### INFORMATION PROVIDED
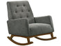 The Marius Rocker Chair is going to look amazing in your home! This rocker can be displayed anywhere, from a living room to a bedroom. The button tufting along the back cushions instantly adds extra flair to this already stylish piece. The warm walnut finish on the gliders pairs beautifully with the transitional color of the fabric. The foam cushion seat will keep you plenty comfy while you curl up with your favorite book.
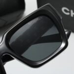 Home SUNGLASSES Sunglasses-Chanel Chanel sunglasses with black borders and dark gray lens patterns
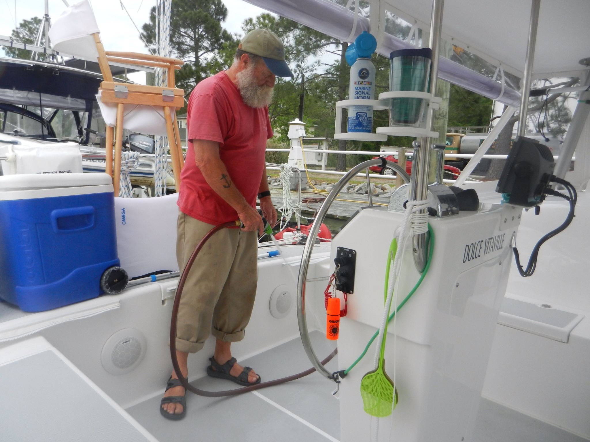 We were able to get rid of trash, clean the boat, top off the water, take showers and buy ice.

### TASK DETAILS
Give back word for word the lines from the one containing "Home SUNGLASSES Sunglasses-Chanel" through the final line of the data above. Pictures are to be left out.

### REPLY TO THE EXERCISE
 Home SUNGLASSES Sunglasses-Chanel Chanel sunglasses with black borders and dark gray lens patterns
 We were able to get rid of trash, clean the boat, top off the water, take showers and buy ice.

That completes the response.